Segment Start: AVAILABLE DATA

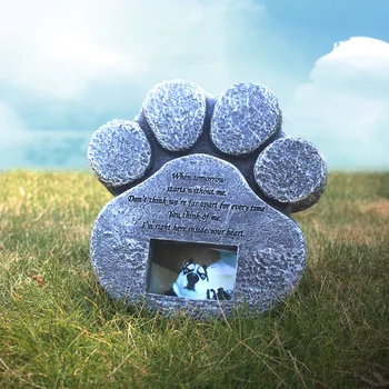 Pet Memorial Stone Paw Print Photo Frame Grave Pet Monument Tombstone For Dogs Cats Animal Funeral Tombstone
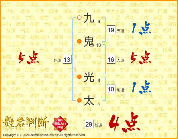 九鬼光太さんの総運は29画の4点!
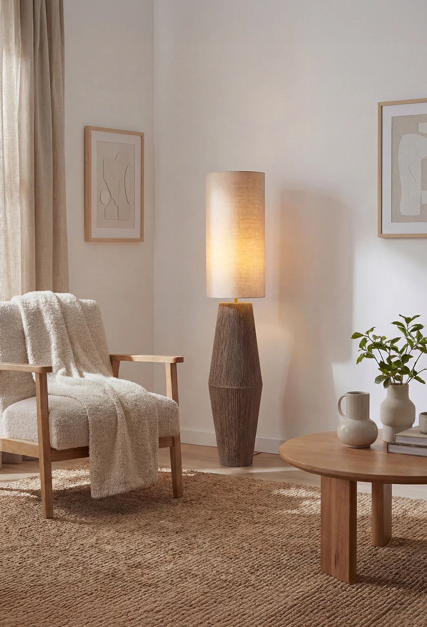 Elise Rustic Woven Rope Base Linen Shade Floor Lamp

Segment End: AVAILABLE DATA
Segment Start: AVAILABLE DATA

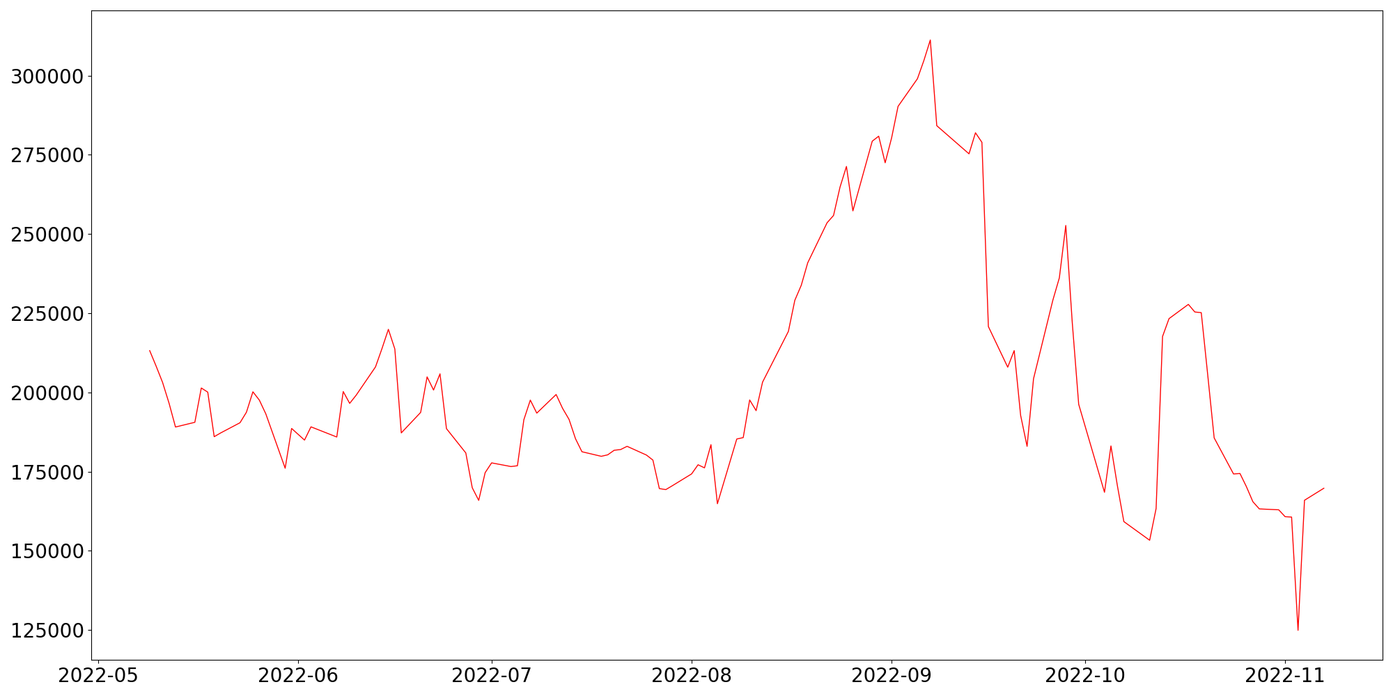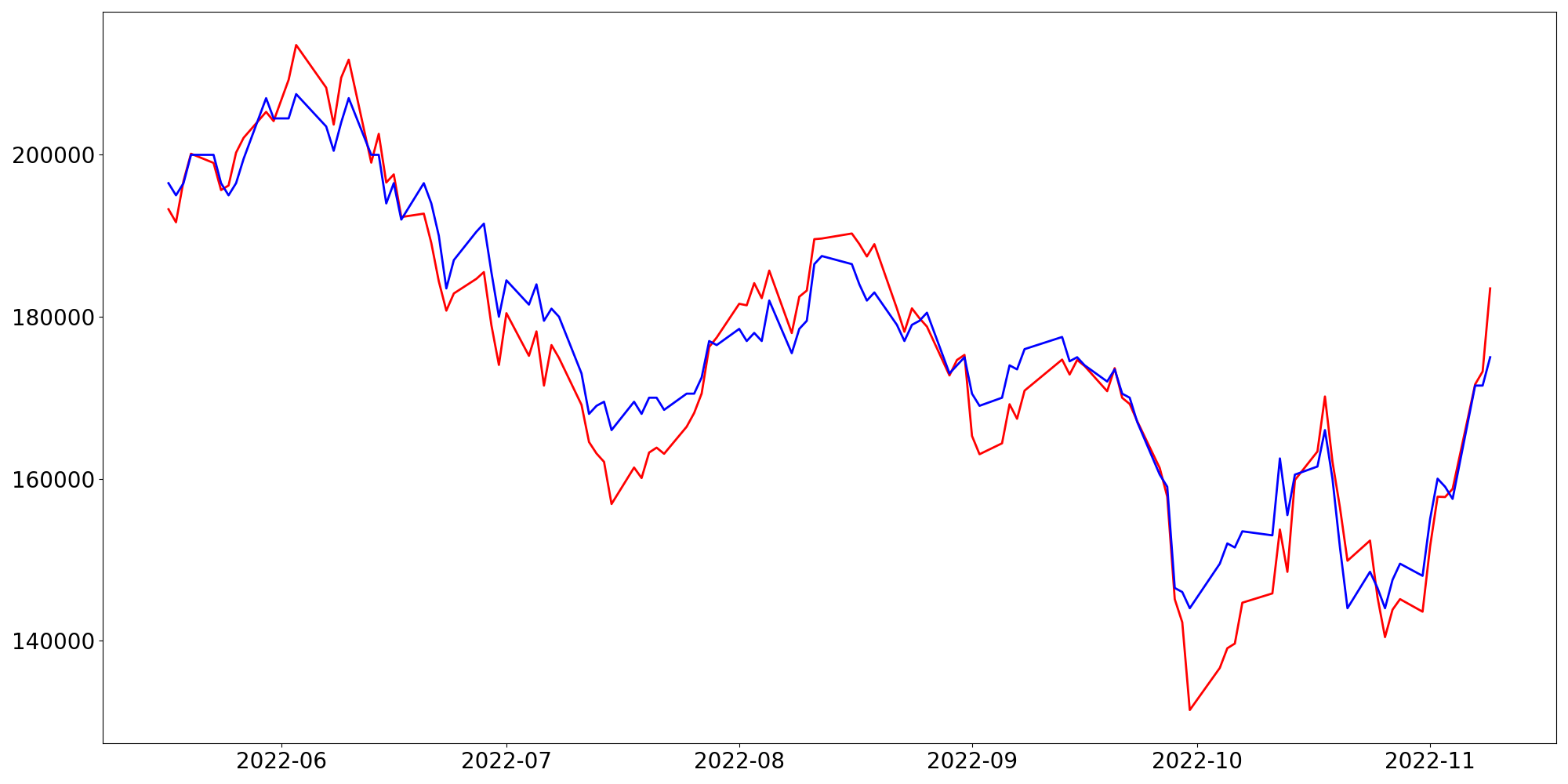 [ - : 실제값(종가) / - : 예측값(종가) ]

Segment End: AVAILABLE DATA

### [WORK INSTRUCTION]
Precisely those lines above that run from the line with "Pet Memorial Stone" up to and including the line with "Elise Rustic Woven" are to be set down, with the pictures omitted.

### [OUTPUT FOR THIS EXERCISE]
 Pet Memorial Stone Paw Print Photo Frame Grave Pet Monument Tombstone For Dogs Cats Animal Funeral Tombstone
 九鬼光太さんの総運は29画の4点!
 Elise Rustic Woven Rope Base Linen Shade Floor Lamp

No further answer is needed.